What a Difference a Scandal Switch Makes: Oversight Dems on Fire vs. ex-IRS Chief
"It's simply not good enough, Mr. Shulman," Cummings said. "…You personally knew there was a target list. You knew it said 'tea party' on it. You put new processes in place, and you took personnel actions. You reassigned at least one individual back in 2012. Come on Mr. Shulman. I mean we - help us help the taxpayers."
Several members on the committee noted that the panel was more unified than it's been in a long time, and Cummings' increasingly heated exchange with Shulman revealed comity with chairman Darrell Issa (R-Calif.) that was nonexistent during the Benghazi hearing.
Under questioning from Rep. Jackie Speier (D-Calif.), Shulman claimed he only got two notices from members of Congress concerned about targeting instead of the 132 letters actually sent to him.
"Do you take responsibility for what happened in the Cincinnati office?" Speier asked.
"Being done? You know, I don't take personal responsibility for there being a list with criteria put on it, but I do accept the fact that this did happen on my watch," Shulman said.

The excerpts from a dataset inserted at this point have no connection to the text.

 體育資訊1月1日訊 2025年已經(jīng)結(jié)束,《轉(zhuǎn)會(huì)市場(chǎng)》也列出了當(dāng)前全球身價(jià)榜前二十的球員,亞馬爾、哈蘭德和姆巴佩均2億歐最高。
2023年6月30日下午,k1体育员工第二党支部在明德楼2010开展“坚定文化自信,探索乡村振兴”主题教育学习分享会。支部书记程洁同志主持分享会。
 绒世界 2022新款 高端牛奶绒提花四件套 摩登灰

Rep. Tammy Duckworth (D-Ill.) asked what Shulman will actually take responsibility for.
"I wouldn't go down a long list. I was the leader of the IRS at the time that this happened. I accept the fact that this happened on my watch, and I'm very sorry that this happened while I was at the IRS," he responded.
"Mr. Shulman, do you accept responsibility for Ms. Lerner's failures as your employee?" Duckworth continued. Lois Lerner, head of the tax-exempt division, refused to answer questions early in the hearing after declaring in a statement that she's innocent of all wrongdoing.

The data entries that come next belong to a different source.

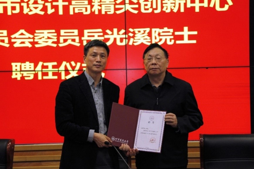 副校长张大玉主持聘任仪式。张爱林校长代表学校向岳光溪院士颁发了北京“未来城市设计高精尖创新中心”学术委员会委员聘书。
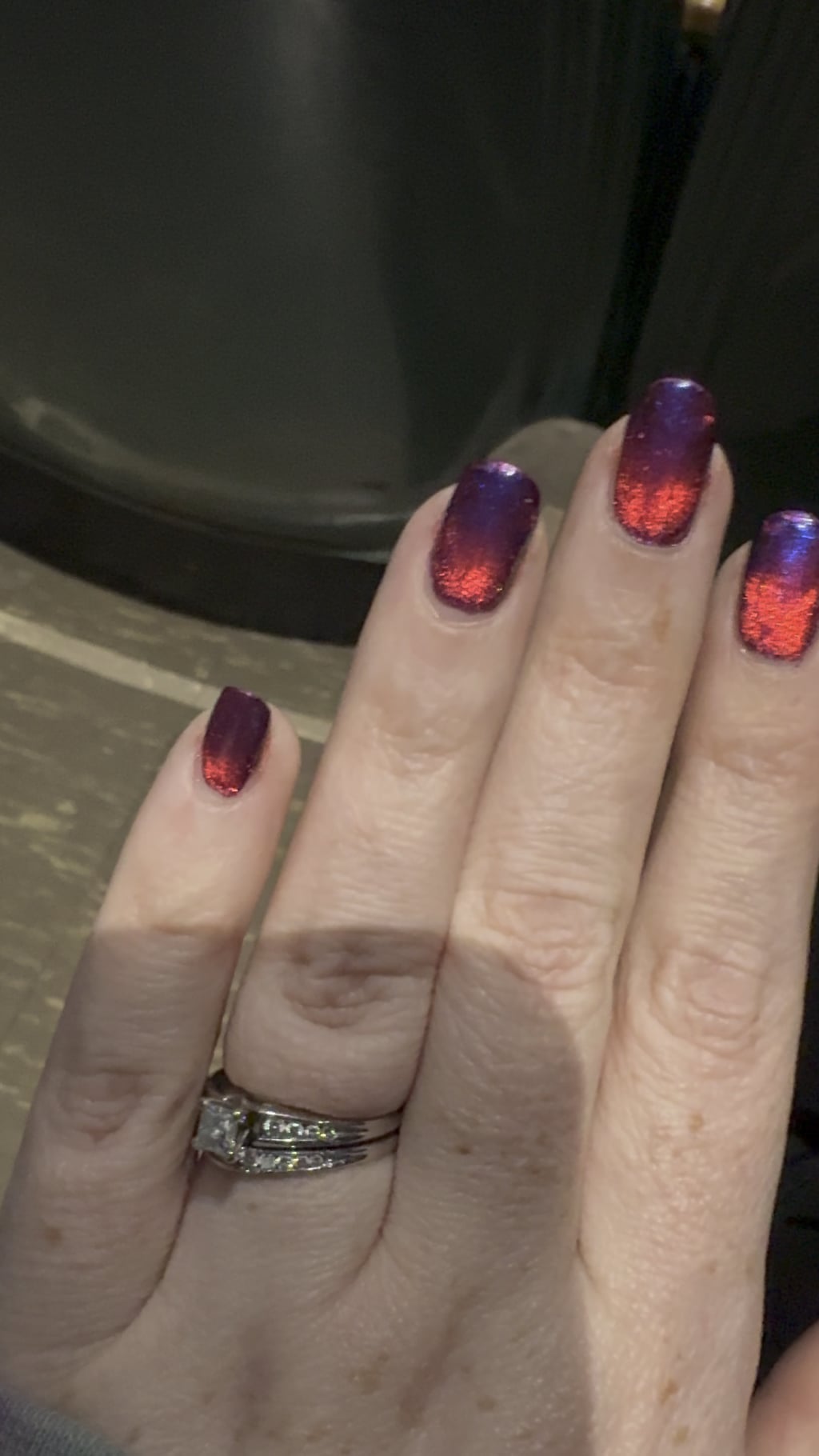 Emily de Molly Sunset Over the Bay (formerly Sundown). Easily my favorite magnetic I own! In person it’s got blue and purple from the base, and pink and orange in the magnetic pigment. It is absolutely STUNNING and totally looks like a sunset in a bottle.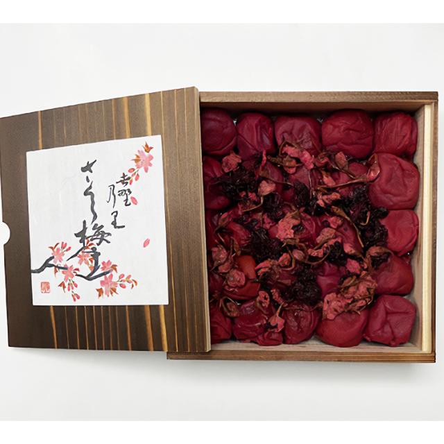 吉野の桜で彩った、しそと塩で漬けた昔ながらの梅干です。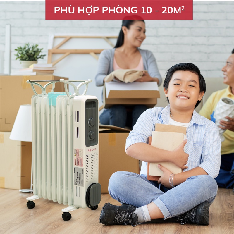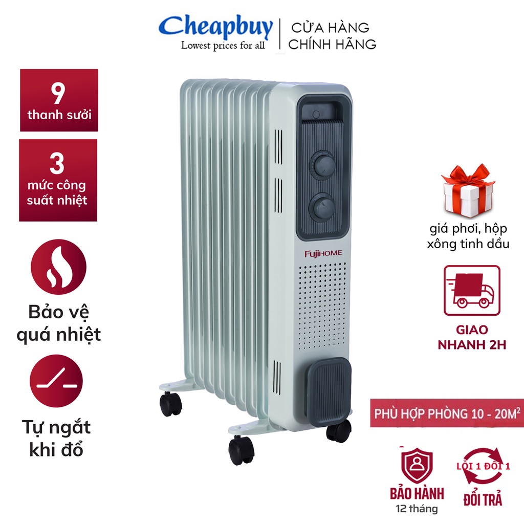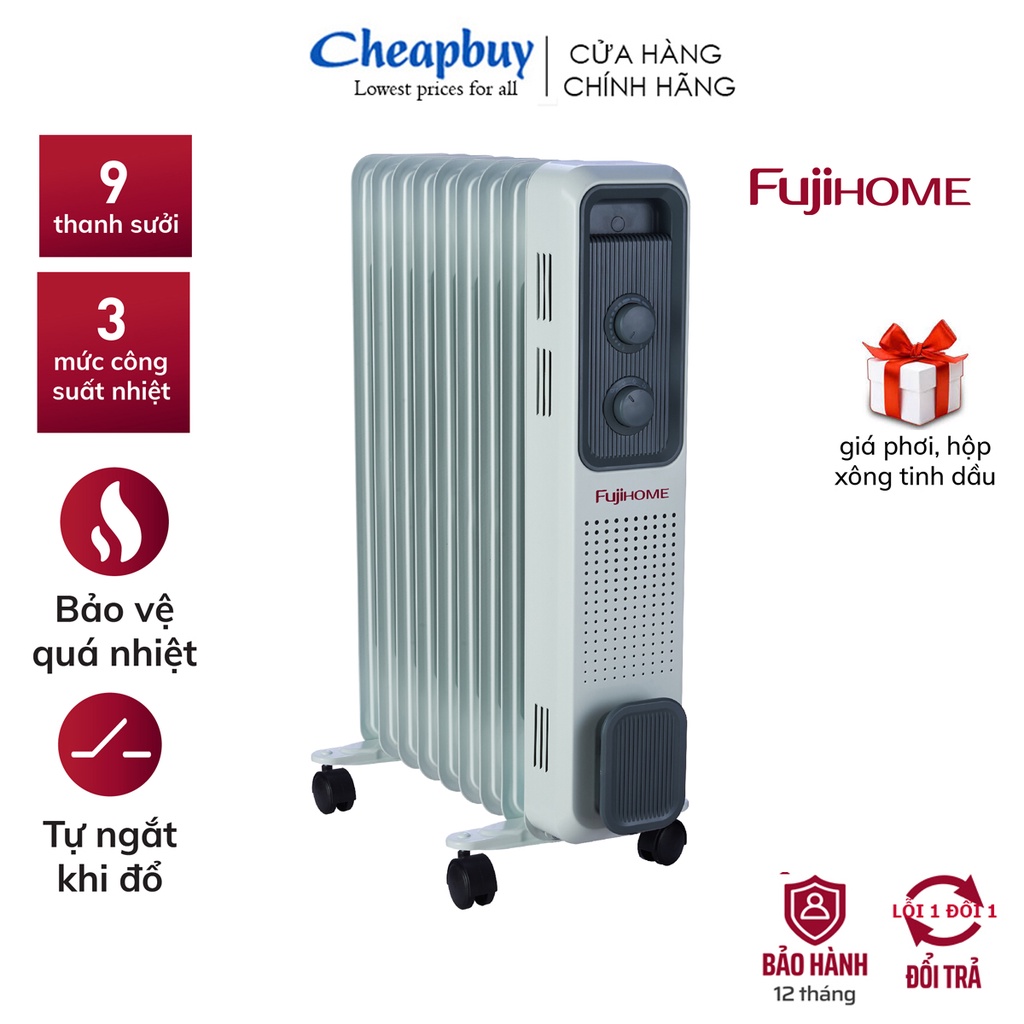 ✅ Máy sưởi dầu FUJIHOME OH849, gồm 9 thanh sưởi sử dụng phù hợp cho phòng< 20m2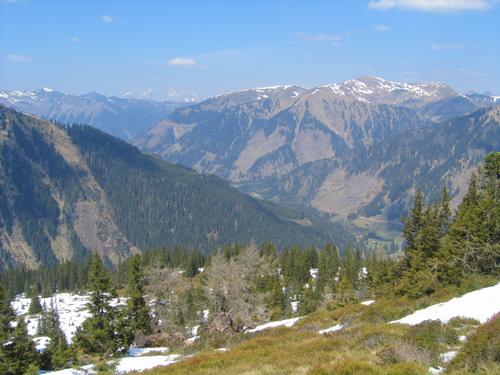 | ... und ein Tiefblick nach vorne zum Ausgangspunkt in Bildmitte. Abstieg zum Redlboden (links unten) ... |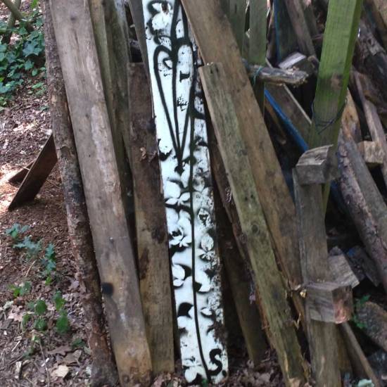 The thinking was that they would appear in several different situations, all eleven as one piece, Eleven, it is very much one piece of work. Eleven made a debut two weeks ago at Wild, at outdoor installation/sculpture show in the woods at the back of the Quaker Meeting House out in Leytonstone, as part of the 2018 Leytonstone Arts Trail (always a pleasure to be invited to take part in the Arts Trail, this was my fourth year out there in E11). There’s some documentation of Wild and the twenty or so artists who took part this year over on the Organ website. Eleven was left under some trees deep in the woods, left for the foxes to run over,and the Blackbirds to checkout, it sounded brilliant in there for the two weekends that the show was open for.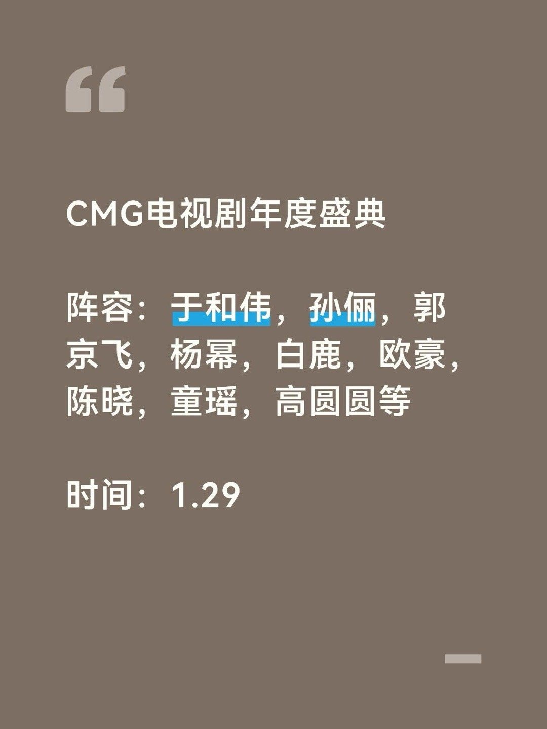 盛典🍉CMG电视剧年度盛典阵容:于和伟,孙俪,郭京飞,杨幂,白鹿,欧豪,陈晓,童瑶,高圆圆等时间:1.29

"I have the same answer. This happened on my watch. I do not accept responsibilities for all of the actions taken by all of the people outlined in the report," he said.

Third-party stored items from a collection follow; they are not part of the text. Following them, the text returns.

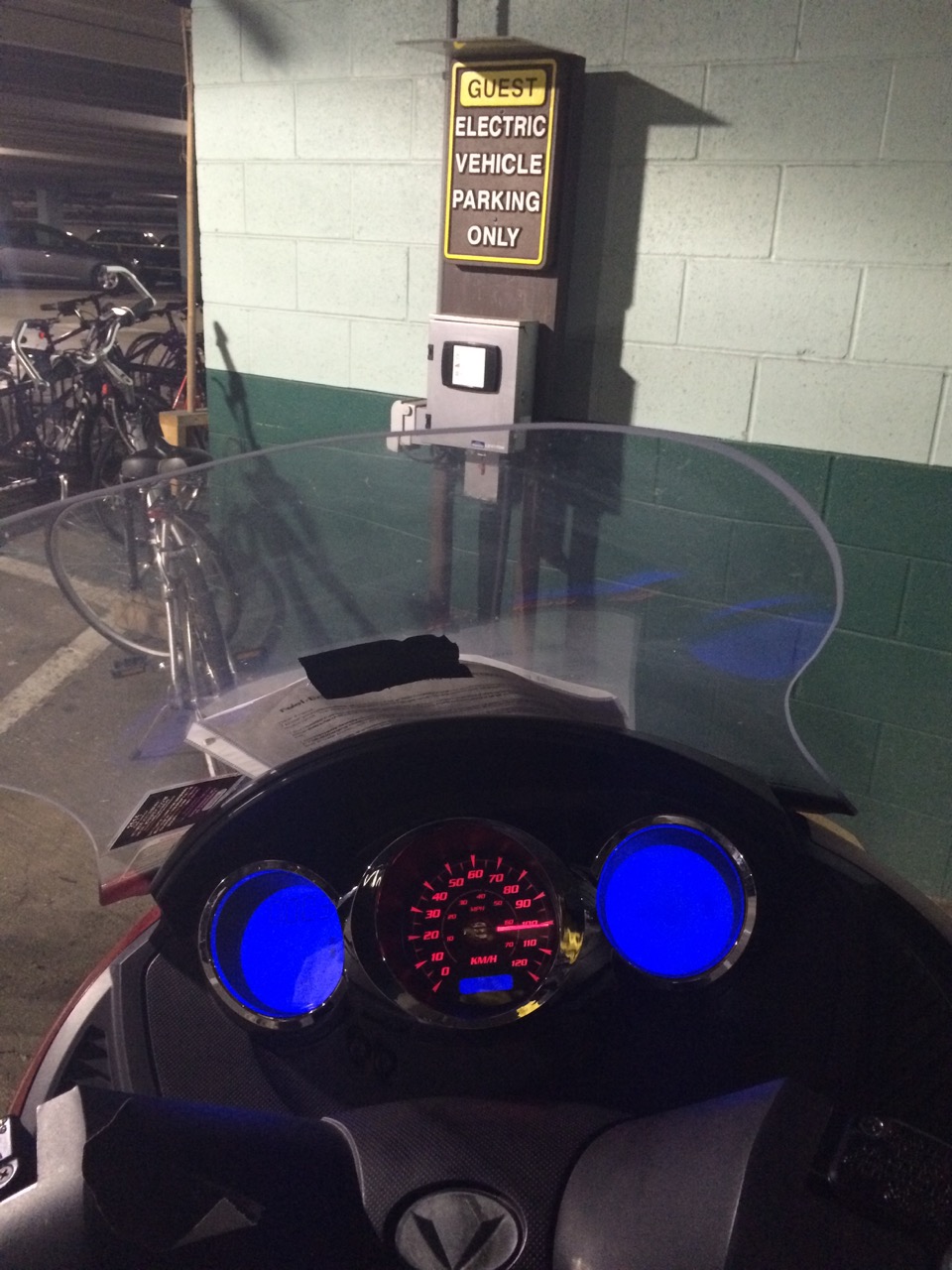 I pulled into the underground parking hidden below the manicured front lawn and flower beds. I had to circle a bit, finally locating the charging station near the far end, by the bike racks. The floor was marked by a surprising amount of oil stains. I think the EV charging spaces are relatively new, being used by maintenance vehicles before that. I pulled out my J1772 adapter and plugged in all three of my chargers to it. I was glad to see that I had made the notch in the plywood cover large enough to accommodate the thicker charging station cable. That way, I could run the cord INSIDE the motorcycle and LOCK UP the adapter. No punk teenage ner-do-well would be able to pull a prank on me by unplugging the bike. I grabbed a book and headed back up to ground level.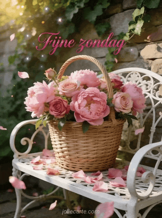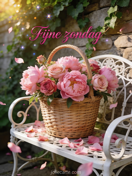 Wens een fijne zondag met deze romantische fotorealistische kaart met roze pioenrozen en antieke rozen in een rieten mand gebaad in gouden licht. Ontdek ook fijne zondag cocooning of goedemorgen zondag gif.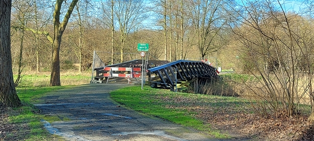 In de aangegeven weken was de situatie echter nog onveranderd. Er werd inmiddels wel gewerkt aan de bruggen en op 11 juli vertelden twee werknemers, dat vermoedelijk eind juli de toplaag aangebracht gaat worden en de bruggen weer open kunnen. Inmiddels zijn de bruggen open, maar de laatste afwerking, het aanbrengen van de 'slijtlaag' moet nog gebeuren. Wanneer dat gedaan is, zal het 'omlopen' voor wandelaars voor lange tijd, verleden tijd zijn.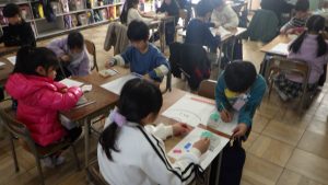 10点の的や1点の的をねらって、自分のおはじきを指ではじきます。そして、その合計点を数えて、互いの点数を競い合いました。はじく強さに気を付けながら、慎重に的をねらっていました。おはじきをはじいた後は、二人で計算をしました。互いの計算が異なっていた時は、おはじきの数や位置を確認して、もう一度見直していました。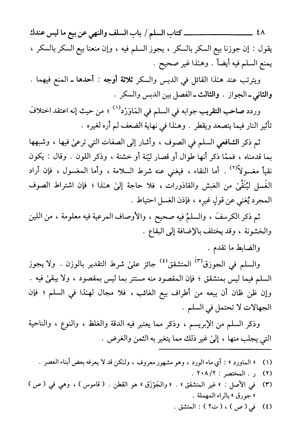 يقول: إن جوزنا بيع السكر بالسكر، يجوز السلم فيه، وإن منعنا بيع السكر بالسكر، يمنع السلم فيه أيضاًً. وهذا غير صحيح.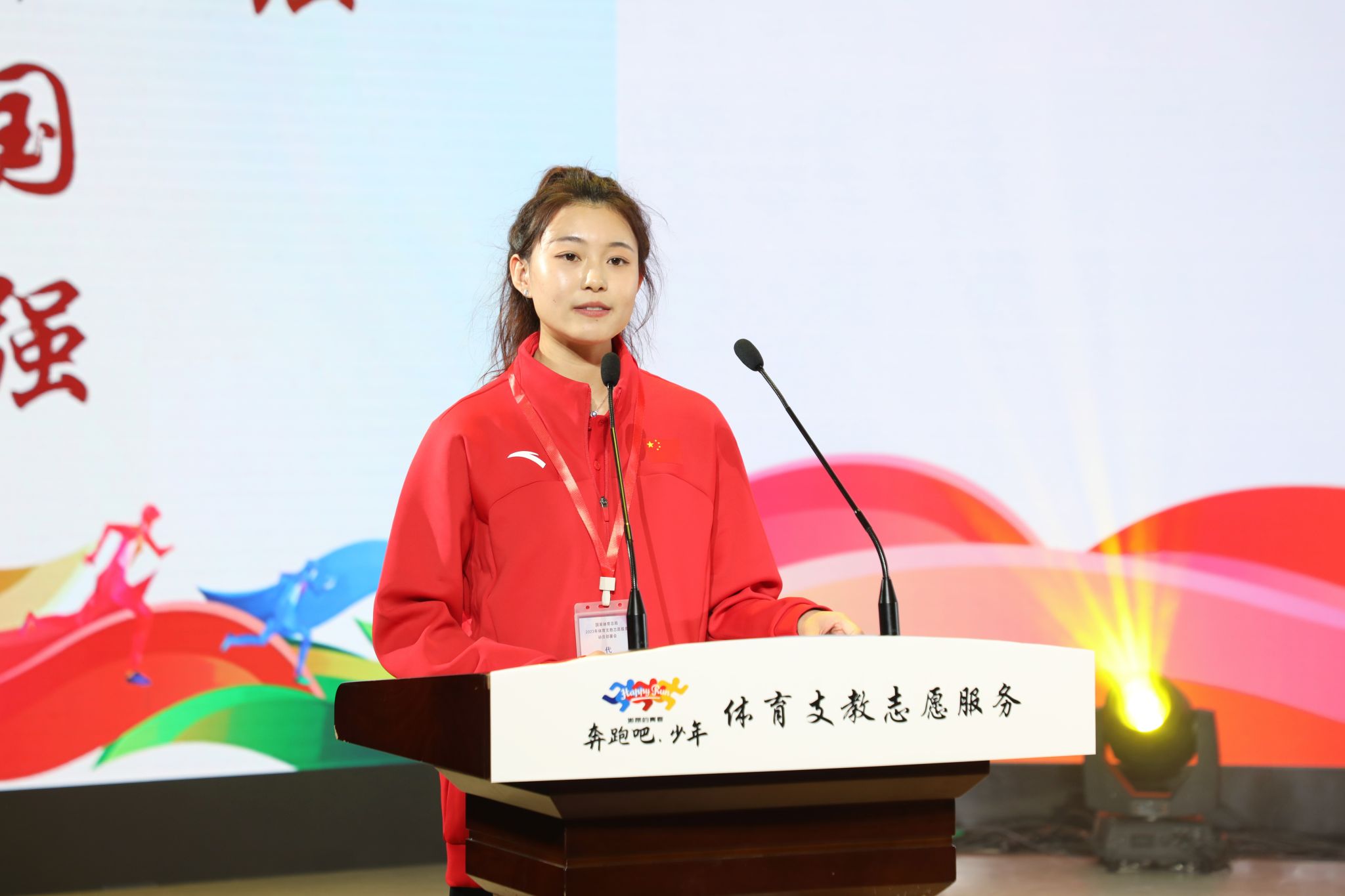 本期体育支教志愿者代表、天津体育学院的李佳庆同学作表态发言,她表示,自己将弘扬志愿服务精神,用爱心浇灌梦想,用体育绘就未来,在体育支教志愿服务中绽放绚丽的青春之花。

Duckworth, who lost both of her legs in the Iraq War, chided Shulman that "you're always responsible for the performance, the training, the actions of the men and women under you."
"I am deeply disappointed in your answer because right now in forward operating bases in Afghanistan, all over the world we have 25-year-old buck sergeants and second lieutenants who know you can delegate authority, you can never delegate responsibility," she said.
On Shulman's part, the former head of the IRS wasn't projecting an attitude today that would win him many friends.
Least of all Lynch.
"My understanding was the conservative groups were not the only ones getting these questions. That was my memory," Shulman said.
"Now you're saying that they weren't being targeted because other groups were also being targeted for their political views. Is that what you're saying?" Lynch asked.
"No, that's not --"
"Well, that's interesting, because that's just what I heard."
"Well, I'd love to explain it to you, Congressman," Shulman said. "At no time, to the best of my memory, that -- was I ever given the impression that these were only being asked of conservative groups."
"After telling Congress that no -- absolutely no one is being targeted, you learn that there's a list, a list of people being targeted, tea party, patriots, people who are critical of how the government is being run, and -- and what did you do after that point?" Lynch said. "You did nothing. You did nothing to straighten out the impression that you had left by your testimony before Congress. Sir, you misled Congress. You misled Congress. Make no question about it. You told us one thing. When you learned -- when you learned that our suspicions were true, when you learned that there was a list, you did nothing. You did nothing."
Shulman carefully framed his words throughout the hearing, saying he "was dismayed and saddened to read the inspector general's conclusions that actions had been taken creating the appearance that the service was not acting as it should have."
Democrats on the panel lauded Issa's announcement that he'll summon the new acting IRS chief, White House budget official Daniel Werfel, "to come before us so that we can perhaps see in advance whether the management skills are there."
"I thank you because I think that's a major move," Cummings told Issa.
Freshman Rep. Mark Pocan (D-Wis.) noted "the inept, inexcusable actions of the IRS have done more to unify Democrats and Republicans than I've seen in my five months here so far."
"So that's what I'm going with. I'm going to try to work off of that," Pocan added.
"I'd use it until we lose it, and hopefully we won't," Issa said.